Because a single variable is plotted on the x-axis, we specify x = in aes() but not a y =. The xlab() function, which is an example of a <OPTIONS>() function, allows you to relabel the title of the x-axis (ylab() is for the y-axis). The message before the plot tells us that we can use the bins = argument to change the number of bins used to produce the histogram. You can increase the number of bins to make the bins narrower and thus get a finer grain of detail. Or you can decrease the number of bins to get a broader visual summary of the shape of the variable’s distribution. Try changing the number of bins and see what you get.

Density plot

A density plot is a plot of the local relative frequency or density of points along the number line or x-axis of a plot. The local density is determined by summing the individual “kernel” densities for each point. Where points occur more frequently, this sum, and consequently the local density, will be greater. Density plots get around some of the problems that histograms have. geom_density() is the associated <GEOM_FUNCTION()> for a density plot.
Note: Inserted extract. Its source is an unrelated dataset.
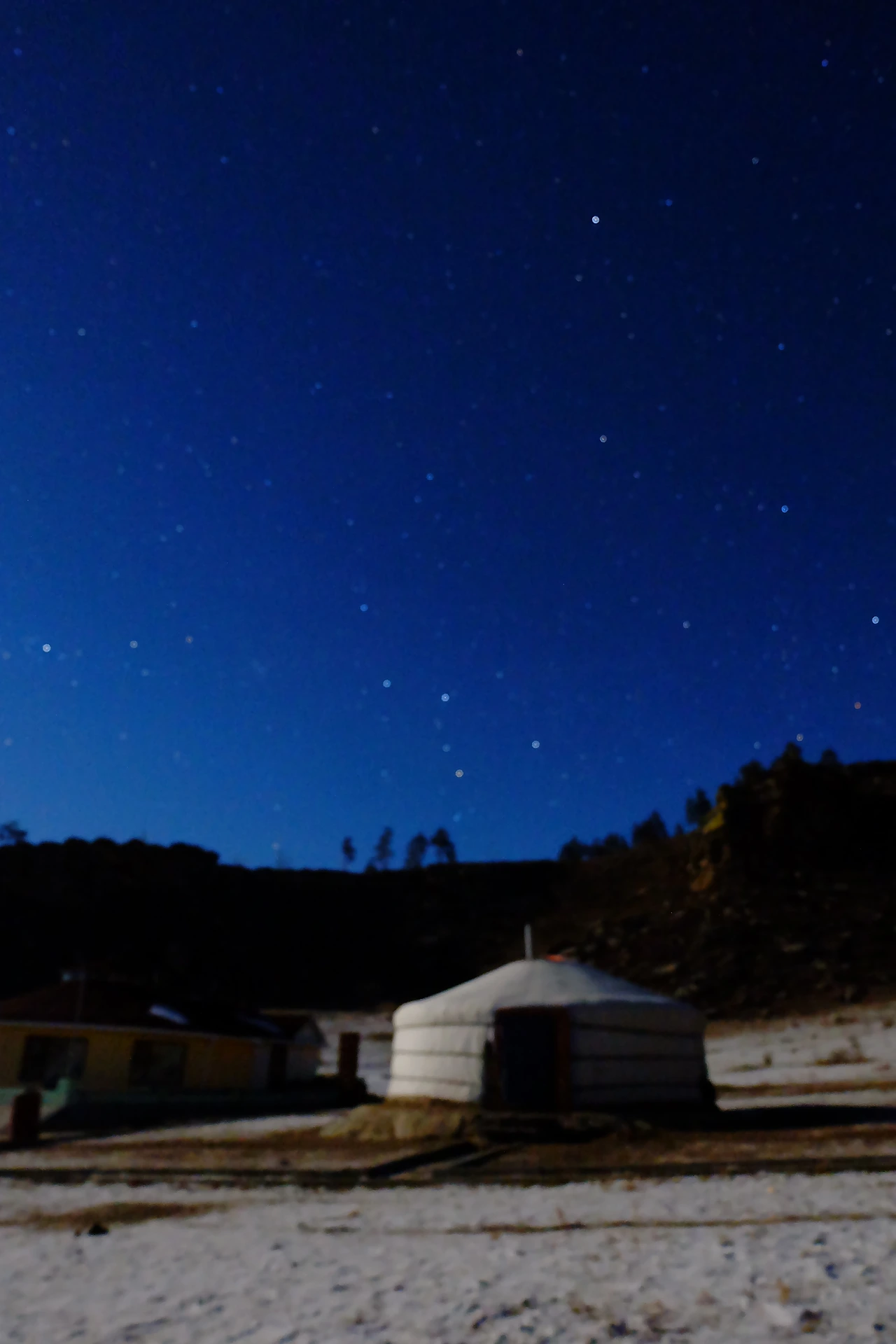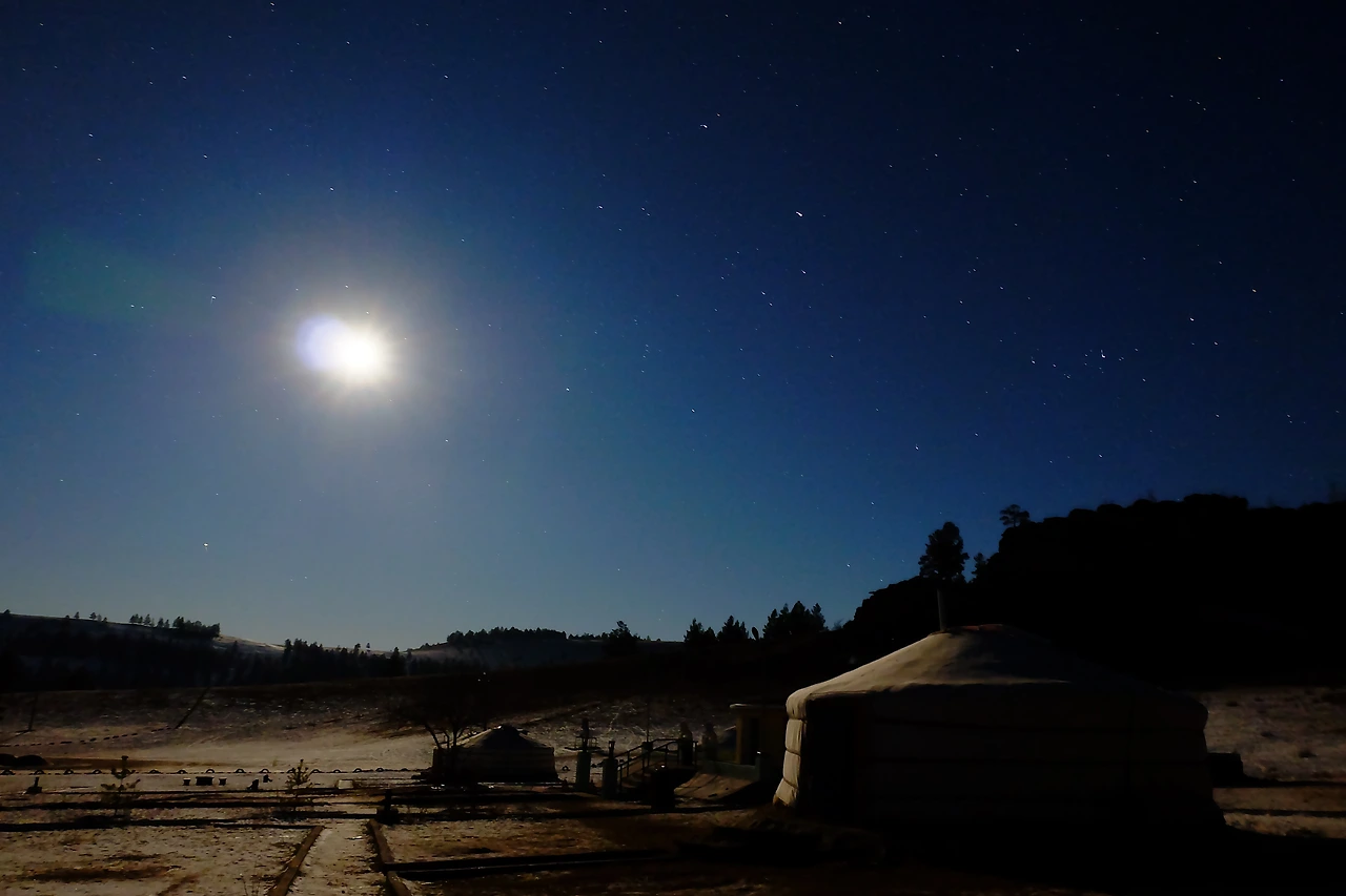 몽골에 와서 왜 달을 밝다고 하는지 이해했다. 달빛으로 주위에 있는 별은 하나도 안 보이고 하얀 눈들이 달빛을 반사해 사방이 환했다. 별도 좋지만 이렇게 밝은 달을 볼 수 있는 것도 참 좋더라-

Let’s make a density plot of PM 2.5.

ggplot(neighces) + 
  geom_density(mapping = aes(x=PM2.5)) +
  ylab("PM 2.5")

Plots with both a histogram and density line can be created:

ggplot(neighces, aes(x=PM2.5)) + 
 geom_histogram(aes(y=..density..), colour="black", fill="white")+
 geom_density(alpha=.2, fill="blue")

alpha = controls the transparency and fill = controls for the color of the plot.

Boxplot

We can use a boxplot (or a box-and-whisker plot) to visually summarize the distribution of a single numeric variable. Use geom_boxplot() for <GEOM_FUNCTION()> to create a boxplot. Let’s examine PM 2.5

ggplot(neighces) + 
  geom_boxplot(mapping = aes(y=PM2.5)) +
  ylab("PM 2.5")

The top, middle and bottom of the box represent the 75th, 50th, and 25th percentiles, respectively. The points outside the whiskers represent outliers. Outliers are defined as having values that are either larger than the 75th percentile plus 1.5 times the IQR or smaller than the 25th percentile minus 1.5 times the IQR.

We can also use the boxplot to examine the relationship between a categorical and numeric variable. Let’s examine the distribution of PM 2.5 by majority vs. non majority Hispanic. Because we are examining the association between two variables, we need to specify x and y variables within aes()

ggplot(neighces) + 
  geom_boxplot(mapping = aes(x = mhisp, y=PM2.5)) +
  ylab("PM 2.5") +
    xlab("Hispanic population")

Barchart

We use a bar chart to summarize a categorical variable. Bar charts show either the number or frequency of each category. To create a bar chart, use geom_bar() for <GEOM_FUNCTION>(). Let’s show a bar chart of environmentally disadvantaged communities.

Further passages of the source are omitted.